Yeasts and viruses are two important groups of model organisms for studying evolution and phylogenetics. The most accepted tree for representing the true tree of the seven yeast species was from the phylogenetic analysis of the concatenated sequence of 106 orthologous genes (Rokas et al. 2003). Similarly, the “true tree” of nine baculoviruses has been established from 63 shared gene sequences (Herniou et al. 2001).
Although fossil-based and molecular data-based phylogenetic analyses have been documented in various organisms, it is unknown to what extent the orthologous genes are divergent in term of tracing relations among species. In this study, gene by gene phylogenetic analysis of yeasts, baculoviruses, and plants confirmed that the most frequent gene tree among species compared is actually the true tree. The method, or called “maximum gene-support tree” approach may provide a potential tree reconstruction method that overcome incongruence in molecular phylogenies.
Methods and Datasets
Source of sequence data sets
Three data sets were utilized. The first data set contained 106 gene sequences from seven yeast species. These sequences have been previously analyzed using the genome-scale approach of concatenated alignment (Rokas et al. 2003). The yeast data set was retrieved from the
Phylogenetic analysis
For the yeast and plant data sets, individual gene sequences were aligned using ClustalX with default settings (Thompson et al. 1997). All gene alignments were manually edited to exclude insertions or deletions and uncertain positions from further analysis. The phylogenetic analysis software PAUP* (Version 4.0b10) (Swofford, 2002) was used for tree inference based on four methods: MP, ME, NJ, and ML. Each nucleotide data set was analyzed under the optimality criteria of maximum parsimony for MP, distance for ME and NJ, and maximum likelihood for ML. The MP analyses were performed with unweighted parsimony. The ME, NJ and ML analyses were performed assuming the HKY85 model of nucleotide substitution. For the NJ analysis on amino acids, the absolute difference was used. The bootstrap consensus tree was searched using the branch-and-bound algorithm for MP and ML on nucleotides, and the full heuristic search was used for ME and NJ based on a 50% majority rule. 1000 replicates were used for all tests except for the ML, where 100 replicates were completed. Random sampling of genes was performed using a random number generator. For the baculovirus data set, only the phylogenetic trees obtained by Herniou et al. (2001) with the MP method were used.

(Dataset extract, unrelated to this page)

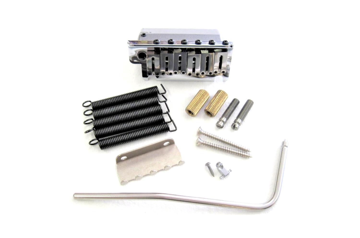 Trémolo Fender Stratocaster Deluxe o Elite Series, silletas de acero inoxidable cromadas, herrajes, peine, pivotes, guía de cuerdas, resortes y brazos de trémolo, silletas cromadas, bloque de luces, brazo "popin" con clip, llave allen .
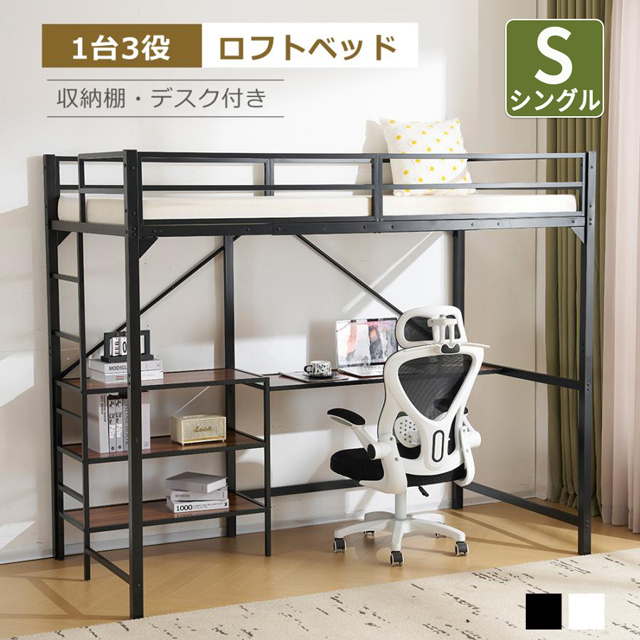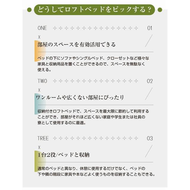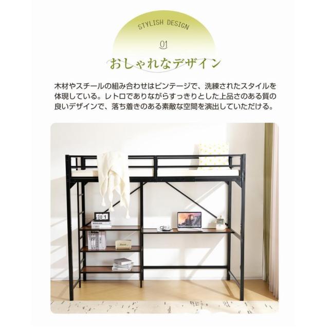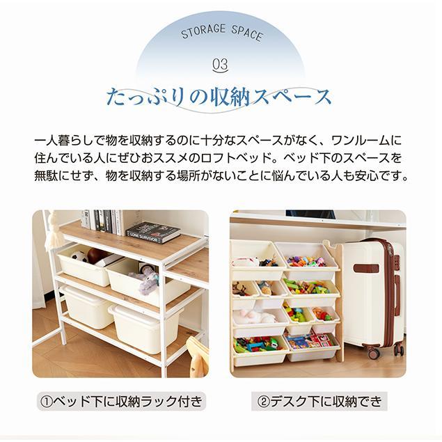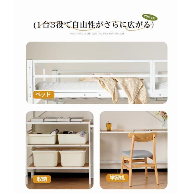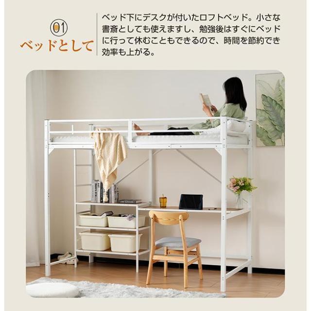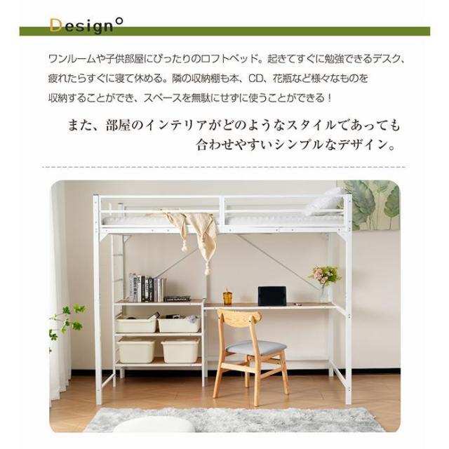 【1台3役で自由性がさらに広がる】ワンルームや子供部屋にぴったりのロフトベッド。起きてすぐに勉強できるデスク、疲れたらすぐに寝て休める。隣の収納棚も本、CD、花瓶など様々なものを収納することができ、スペースを無駄にせずに使うことができる!

The maximum gene-support tree approach
From the yeast data set, bootstrap consensus trees were recovered using all 106 individual genes with seven combinations of four methods (ME, ML, MP and NJ) for nucleotides or three methods (ME, MP, NJ) for deduced amino acids. Tree distances for all pairwise comparisons among trees were calculated using the symmetric difference metric by PAUP* (Swofford, 2002) and PHYLIP (Felsenstein, 1989). This is the number of steps required to convert between two trees, that is, the number of branches that differ between a pair of trees (Robinson and Foulds, 1981). Two trees with identical topology have a tree distance of zero. For the baculoviruses, the comparison of topologies between the MP trees using the Shimoaira-Hasegawa (SH) test were directly cited from Herniou et al. (2001). For the plant data set, comparisons between the trees were performed manually.

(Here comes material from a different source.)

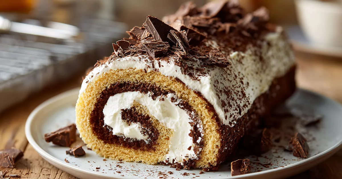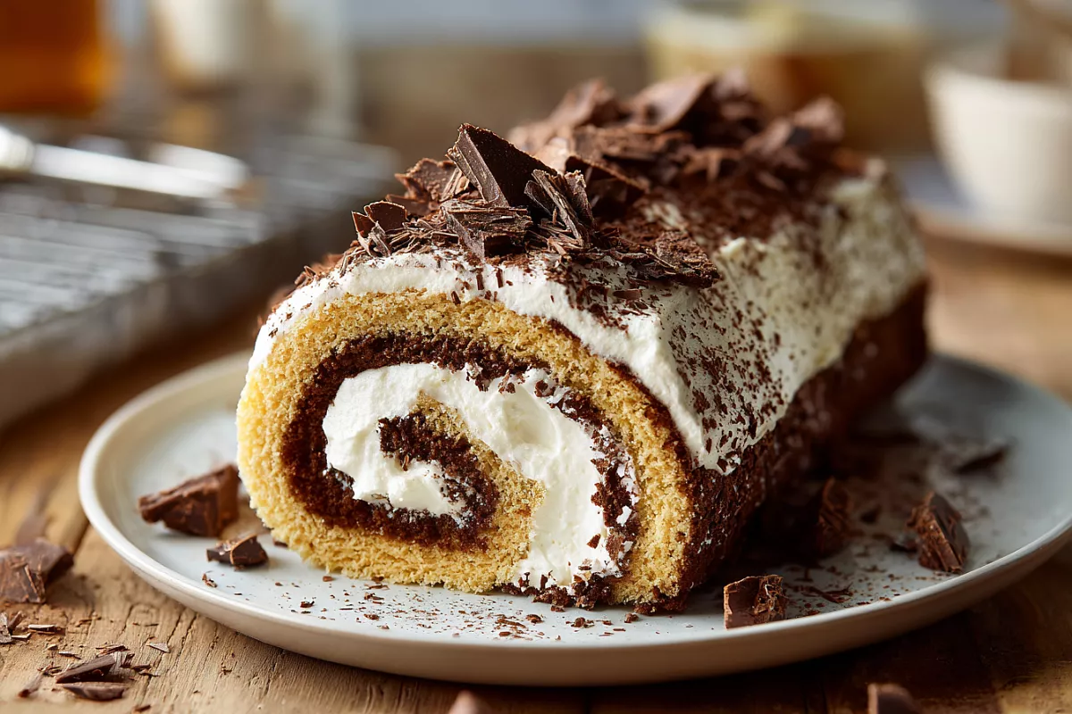 Нежный и воздушный рулет: мягкий бисквит с кофейной пропиткой, крем на маскарпоне и шоколадная крошка для выразительного акцента.

The index of gene-support is the number of genes that support a certain topology. The resulting numbers of genes were calculated for all unique trees from the results of each method. A maximum gene-support tree was defined as a unique tree that was recovered by the highest number of genes among all the trees generated. The statistics analyses were performed using the SAS system for Windows V8.
Re-sampling for subsets of genes
Subsets of genes were randomly re-sampled using a random number generator. Ten replicates were used for each initial number of re-sampled genes. Precision was defined as the percentage of the number of congruent trees divided by the total number of trees. 100% precision was used as a criterion to determine the minimum number of genes required to overcome incongruence.
An executable program in C language for calculating frequencies of unique trees from tree distance data is available from the authors upon request (
Results
Incongruence among different individual-gene phylogenies
Wide incongruence was observed among individual gene trees. The 106 individual genes inferred 20 to 51 unique trees for the 7 yeast species using 7 combinations of 4 phylogenetic methods with nucleotides or 3 methods with deduced amino acids (Table 1). Nucleotides inferred fewer unique trees (20–38) than amino acids (40–51) (Table 1). For example, the occurrence of the maximum gene-support tree for MP based on nucleotides was 37, while that based on amino acids was only 14 of 106 genes. Trees recovered from amino acids had more incongruence and less gene-support than those from nucleotides.
Maximum gene-support (MGS), weighted maximum gene-support (WMGS), the second highest gene-support (2nd HGS), weighted second highest gene-support (2nd WHGS), number of unique trees (NUT), and threshold gene number (TGN) required to overcome incongruence based on a data set of 106 genes from seven yeast species*.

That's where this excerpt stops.